Of all the separate inquiries, the only reported response of any significance was a note from Diadiun to Rosen in which the reader rep wrote that Quinn, the NEOMG vice president, is “the one who has made the decisions on this matter.”

Then there’s the coverage of this episode on other websites, many of them with national audiences: Cleveland’s Scene alt-weekly (and also, and also), TechDirt, Wonkette, MSNBC, Talking Points Memo, WAKR. This is not an obscure story. (I’m probably missing examples in both categories—please email me if you know of more).

It’s not unusual for management at NEOMG and The Plain Dealer to decline to address criticism. CJR has published several stories about labor disputes or declining morale at The Plain Dealer, related to the rise of NEOMG. Each time, management has declined to comment. (Quinn did talk, though, when we asked about the outlets’ new in-house factchecking feature.)

That’s frustrating. But those stories are also largely inside-baseball, and NEOMG and The Plain Dealer are part of Advance Publications, which, in general, don’t talk much about internal operations.

This case is different. Removing the video was a public editorial decision, and the decision has drawn a lot of public discussion. Give NEOMG the benefit of the doubt, and assume for the sake of argument that the video was removed for good reason, like one of the scenarios mooted here. Or, even, the scenario outlined by Rosen here. It should be a straightforward thing for a news organization—especially one that prides itself on engagement!—to offer an explanation.

Instead, the top editor is ignoring calls and emails, the reader rep will apparently not be writing about any of this, and the original article doesn’t even carry an update to note the video’s disappearance. As former former Plain Dealer columnist Connie Schultz writes on Facebook: “The lack of disclosure raises questions and fuels speculation.” It becomes harder to give the benefit of the doubt.
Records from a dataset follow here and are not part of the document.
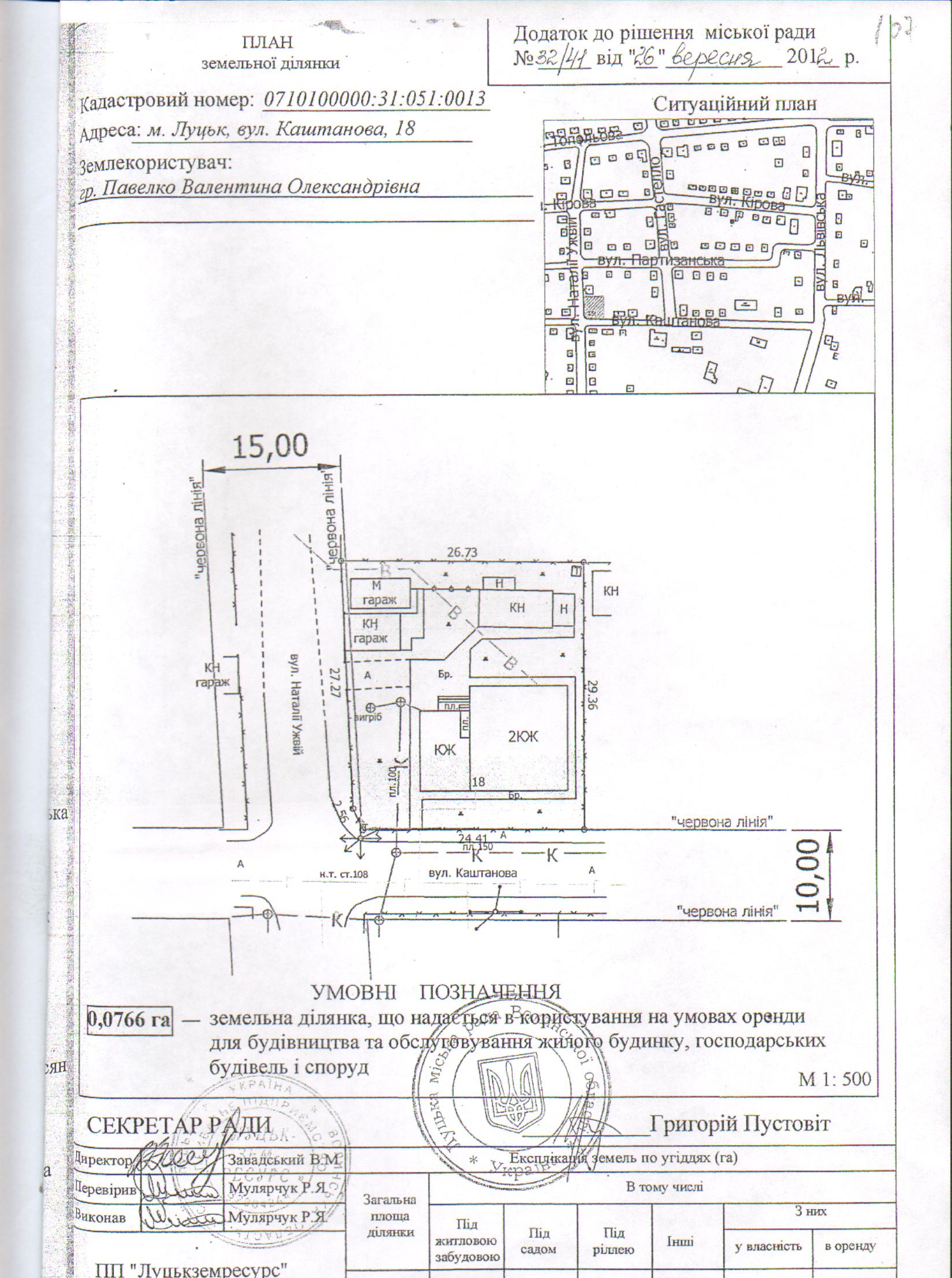 Про внесення змін і доповнень в рішення та додаток до рішення Луцької міської ради від 26.09.2012 № 32/41 «Про надання гр. Павелко В.О. в користування на умовах оренди земельної ділянки для будівництва та обслуговування жилого будинку, господарських будівель і споруд на вул. Каштановій, 18» (площею 0,0766 га)
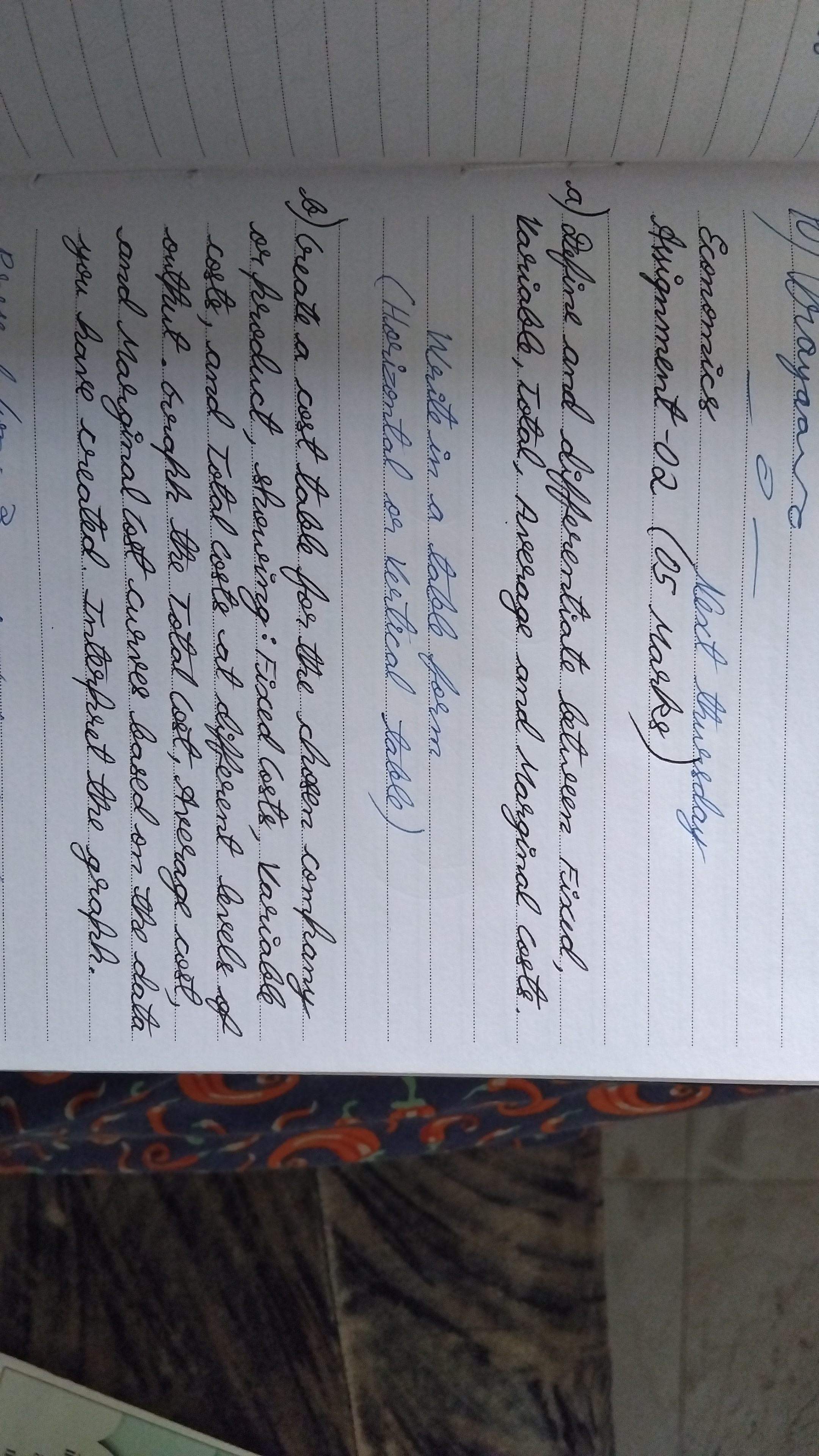 The handwriting sample displays a neat and deliberate style. The letter formations are generally well-rounded, with a consistent slant. Words are evenly spaced, contributing to the overall legibility. There's a controlled pressure applied, resulting in uniform line thickness throughout the sample. Phrases such as 'Define and differentiate' and 'Horizontal or Vertical table' are carefully crafted, indicating a focus on clarity and presentation.
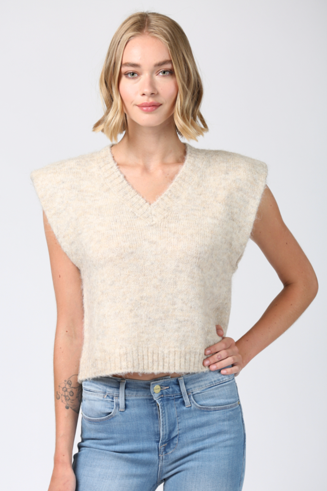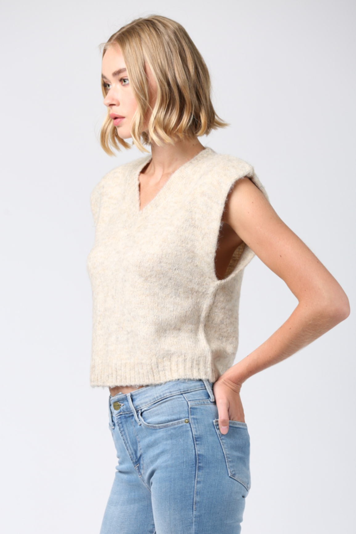 Sweater vests are everywhere this fall. Wear this vest with a fitted top underneath with jeans or solo.
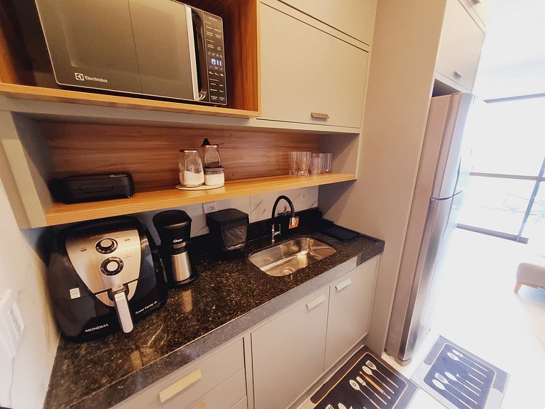 - Cozinha / Copa: Geladeira, cooktop elétrico, micro-ondas, airfry, sanduicheira, liquidificador, cafeteira, panelas, pratos, copos, talheres e utensílios diversos
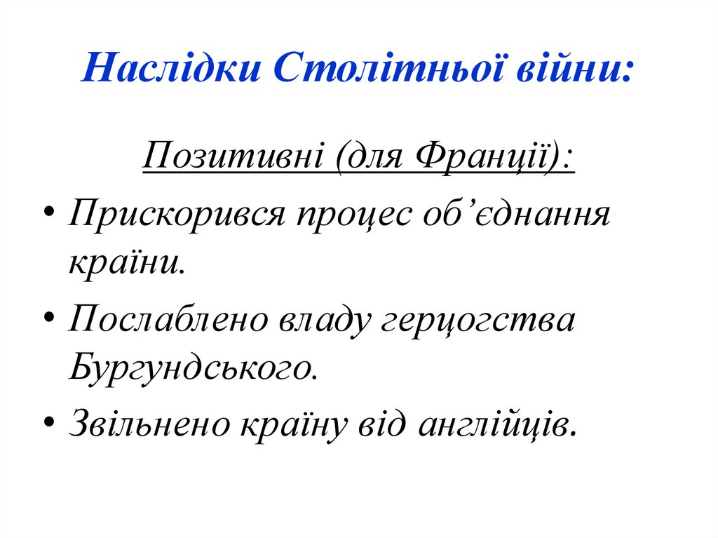 10. Наслідки Столітньої війни:
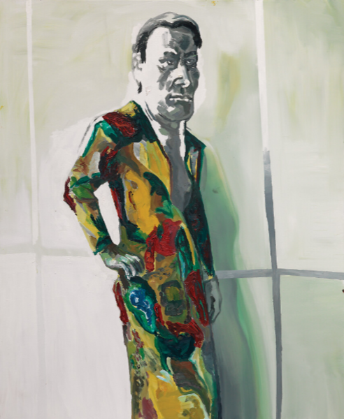 En 1996, Martin Kippenberger, figure de proue de la nouvelle peinture allemande depuis les années 1980, réalise une série qu’il baptise Window Shopping bis 2 Uhr nachts (« Lèche-vitrine jusqu’à 2 heures du matin », en français) et qui compte parmi ses dernières peintures. Conçues pour une exposition dans sa galerie de Vienne, les peintures rassemblent des portraits, parfois semi dénudés, des fragments de corps, ainsi qu’un autoportrait de l’artiste portant un kimono coloré.

This is how Jill Miller Zimon, a freelance writer and political advocate in Ohio, described the consequences of the silence:

…NEOMG’s failure to provide a public explanation, let alone leave the video up, goes beyond a kick in the collective gut. Absent even the lamest of public explanations, this behavior lends itself to an interpretation that they don’t care how their behavior jeopardizes the community’s striving toward high expectations, high standards and high achievement, particularly in the areas of openness, transparency or public engagement. And, it would seem, again absent their public explaining, that they don’t care that we care. How ironic that this mirrors the very behavior we would see on display in the video we cannot currently access in its entirety.

“They don’t care that we care.” That’s a dangerous place.